The predicament itself feels ironic, in that "hacker" culture reveled in the
amoral, going beyond conventional behavior, thinking outside the box, getting
around rules and systems, manipulating technology for fun and profit.

In a way, that dark side of the hacker attitude now pervades politics,
business, and the media. Public institutions and private organizations are
surveilling, cataloguing, identifying trends, and maniputing public opinion
and social behavior.

I suppose it was inevitable that "hacker culture" itself was infiltrated and
hacked, to serve an ulterior purpose.

A healthy reaction has been the rise of "maker culture". What is old is new
again!

------
umvi
USA itself is already souring on NATO, no hackers needed.

Many in the USA are tired of being criticized for being the "world police" yet
the same critics also scream when the USA starts pulling its military
personnel out of their country (like Germany, most recently).

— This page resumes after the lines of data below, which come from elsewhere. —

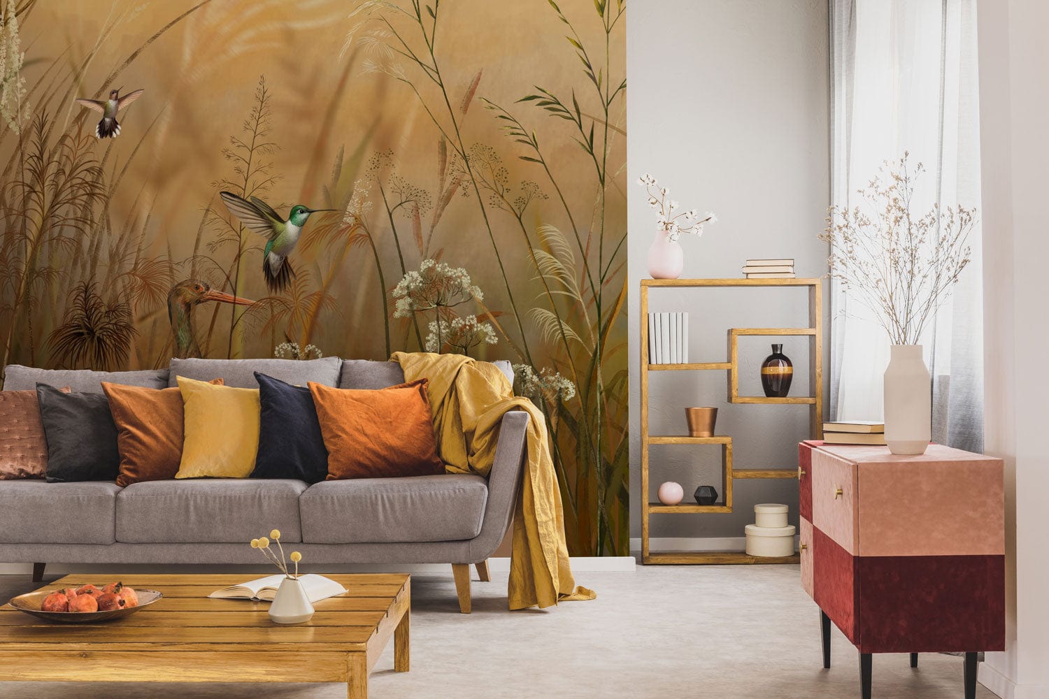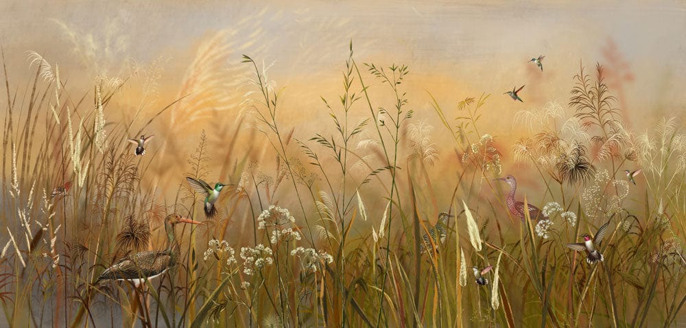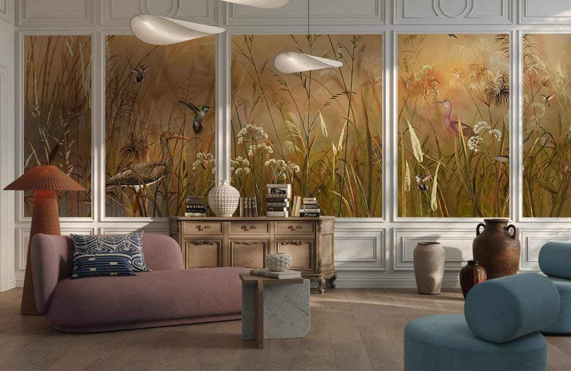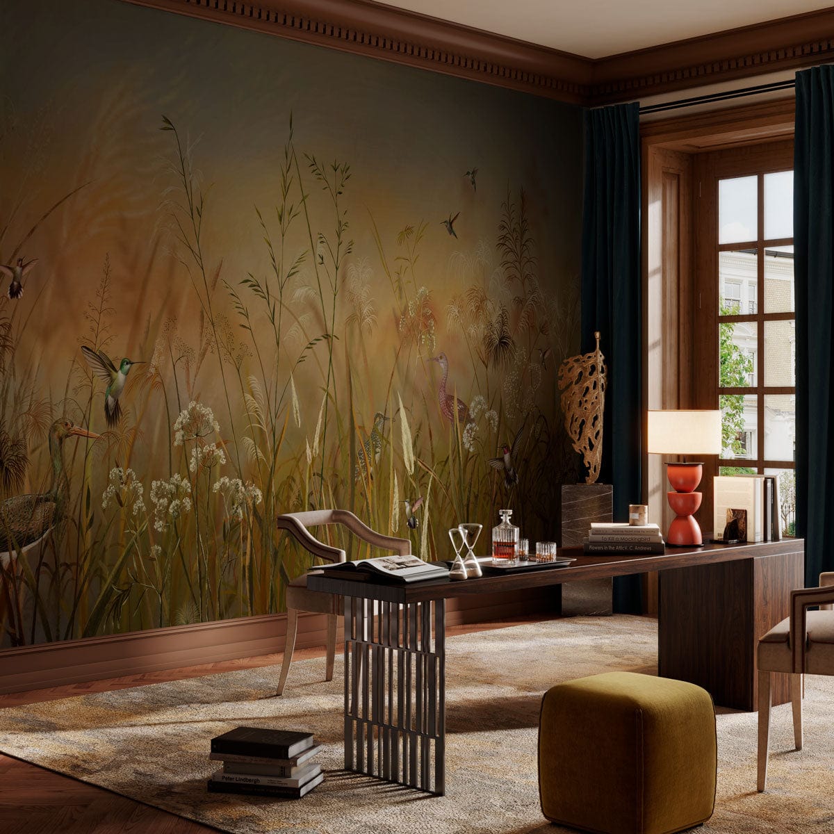 Immerse your space in the serene elegance of the Wild Meadow Serenity Mural Wallpaper, where meticulously detailed grasses sway amidst a delicate dance of birds. Its artistry captures the ethereal beauty of a meadow bathed in soft morning light. This sophisticated piece infuses interiors with a timeless charm, making an exquisite backdrop for both contemporary and rustic settings.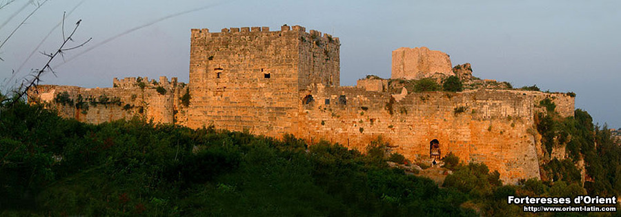 Bâtie sur une crète rocheuse de plus de 700 mètres de long entre deux ravins, cette importante citadelle contrôlait les voies d’accés entre la plaine de l’Oronte et la côte par le col de Bdama. Phénicienne, puis byzantine, elle fut prise par les Francs aux alentours de 1119 et donnée à la famille des Puylaurens. Ce château, le plus grand bâti par les Croisés, ne fut jamais confié à un ordre majeur. Aprés la bataille de Hattin, qui vit le massacre de la chevalerie franque, Saladin s’en empara en 1188 aprés seulement quelques jours de combats. S’en suivit une succession d’occupations arabes jusqu’à son abandon.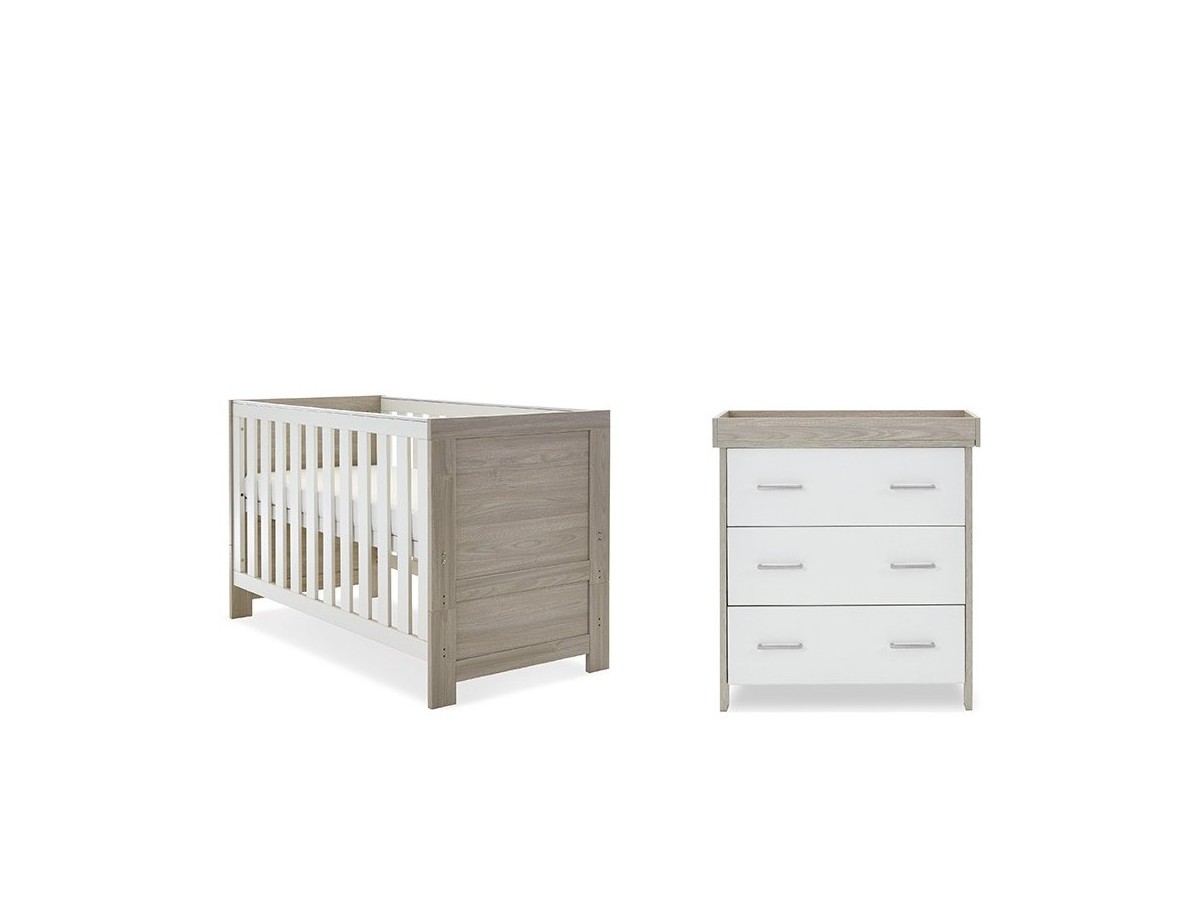 "The Obaby Nika range offers a contemporary design, due to its clean lines and textured oak effect finish, that will fit perfectly in today’s modern nursery. This 2 piece room set consists of Nika cot bed and changing unit.
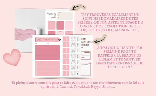 Outils Pratiques (Planners) : Plus de six mois (30 semaines) de pages de suivi pour les prières et les règles (non datés pour un démarrage du suivi n'importe quand dans l'année), des pages "emploi du temps" pour organiser tes semaines et des espaces de "Journaling" pour déposer tes pensées et tes objectifs de la semaine.

I say Europe should use their own money to build their own Navy and Air Forces
to protect their own interests and make their own trade and travel routes
secure. Right now most EU countries are putting virtually none of their budget
into military because everything is taken care of by the USA (and they can
launder protection of interests through USA as well so USA takes all the heat
if something goes wrong).

Maybe people will complain less about the US military when they have to use
their own tax dollars to secure their own borders, shipping and air routes,
protect their own interests, etc.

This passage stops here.